[Records from a collection]
--------------------------------------------------

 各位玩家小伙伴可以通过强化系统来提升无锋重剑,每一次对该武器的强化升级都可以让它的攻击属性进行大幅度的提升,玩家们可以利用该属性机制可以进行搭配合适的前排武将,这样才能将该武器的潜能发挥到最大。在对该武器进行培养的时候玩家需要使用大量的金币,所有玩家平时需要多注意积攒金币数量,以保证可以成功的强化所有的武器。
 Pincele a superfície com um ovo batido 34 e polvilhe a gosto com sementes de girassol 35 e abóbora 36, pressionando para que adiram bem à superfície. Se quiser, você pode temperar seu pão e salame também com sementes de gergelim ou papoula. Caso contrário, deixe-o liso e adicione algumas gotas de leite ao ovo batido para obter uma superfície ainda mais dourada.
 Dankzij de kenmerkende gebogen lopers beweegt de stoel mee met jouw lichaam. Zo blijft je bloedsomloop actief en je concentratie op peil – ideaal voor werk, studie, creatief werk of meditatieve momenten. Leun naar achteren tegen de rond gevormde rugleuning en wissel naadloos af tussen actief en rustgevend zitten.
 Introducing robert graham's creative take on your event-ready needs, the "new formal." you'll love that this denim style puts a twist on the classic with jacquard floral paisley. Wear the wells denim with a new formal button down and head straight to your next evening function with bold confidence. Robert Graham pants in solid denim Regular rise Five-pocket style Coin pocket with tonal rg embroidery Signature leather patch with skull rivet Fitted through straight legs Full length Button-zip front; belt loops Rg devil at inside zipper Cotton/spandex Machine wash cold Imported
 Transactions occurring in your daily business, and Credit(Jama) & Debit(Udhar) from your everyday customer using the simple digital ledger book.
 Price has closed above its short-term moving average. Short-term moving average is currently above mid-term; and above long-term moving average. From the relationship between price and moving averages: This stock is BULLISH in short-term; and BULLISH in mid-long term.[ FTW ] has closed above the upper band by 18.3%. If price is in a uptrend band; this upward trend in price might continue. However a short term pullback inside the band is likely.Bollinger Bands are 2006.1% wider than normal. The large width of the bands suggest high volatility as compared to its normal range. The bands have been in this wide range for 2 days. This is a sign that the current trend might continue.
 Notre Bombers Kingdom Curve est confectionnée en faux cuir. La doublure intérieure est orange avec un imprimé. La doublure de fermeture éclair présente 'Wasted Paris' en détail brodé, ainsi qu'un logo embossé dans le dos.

--------------------------------------------------

[Work required] Every single line in the records above must be written out exactly.

[Answer area]
 各位玩家小伙伴可以通过强化系统来提升无锋重剑,每一次对该武器的强化升级都可以让它的攻击属性进行大幅度的提升,玩家们可以利用该属性机制可以进行搭配合适的前排武将,这样才能将该武器的潜能发挥到最大。在对该武器进行培养的时候玩家需要使用大量的金币,所有玩家平时需要多注意积攒金币数量,以保证可以成功的强化所有的武器。
 Pincele a superfície com um ovo batido 34 e polvilhe a gosto com sementes de girassol 35 e abóbora 36, pressionando para que adiram bem à superfície. Se quiser, você pode temperar seu pão e salame também com sementes de gergelim ou papoula. Caso contrário, deixe-o liso e adicione algumas gotas de leite ao ovo batido para obter uma superfície ainda mais dourada.
 Dankzij de kenmerkende gebogen lopers beweegt de stoel mee met jouw lichaam. Zo blijft je bloedsomloop actief en je concentratie op peil – ideaal voor werk, studie, creatief werk of meditatieve momenten. Leun naar achteren tegen de rond gevormde rugleuning en wissel naadloos af tussen actief en rustgevend zitten.
 Introducing robert graham's creative take on your event-ready needs, the "new formal." you'll love that this denim style puts a twist on the classic with jacquard floral paisley. Wear the wells denim with a new formal button down and head straight to your next evening function with bold confidence. Robert Graham pants in solid denim Regular rise Five-pocket style Coin pocket with tonal rg embroidery Signature leather patch with skull rivet Fitted through straight legs Full length Button-zip front; belt loops Rg devil at inside zipper Cotton/spandex Machine wash cold Imported
 Transactions occurring in your daily business, and Credit(Jama) & Debit(Udhar) from your everyday customer using the simple digital ledger book.
 Price has closed above its short-term moving average. Short-term moving average is currently above mid-term; and above long-term moving average. From the relationship between price and moving averages: This stock is BULLISH in short-term; and BULLISH in mid-long term.[ FTW ] has closed above the upper band by 18.3%. If price is in a uptrend band; this upward trend in price might continue. However a short term pullback inside the band is likely.Bollinger Bands are 2006.1% wider than normal. The large width of the bands suggest high volatility as compared to its normal range. The bands have been in this wide range for 2 days. This is a sign that the current trend might continue.
 Notre Bombers Kingdom Curve est confectionnée en faux cuir. La doublure intérieure est orange avec un imprimé. La doublure de fermeture éclair présente 'Wasted Paris' en détail brodé, ainsi qu'un logo embossé dans le dos.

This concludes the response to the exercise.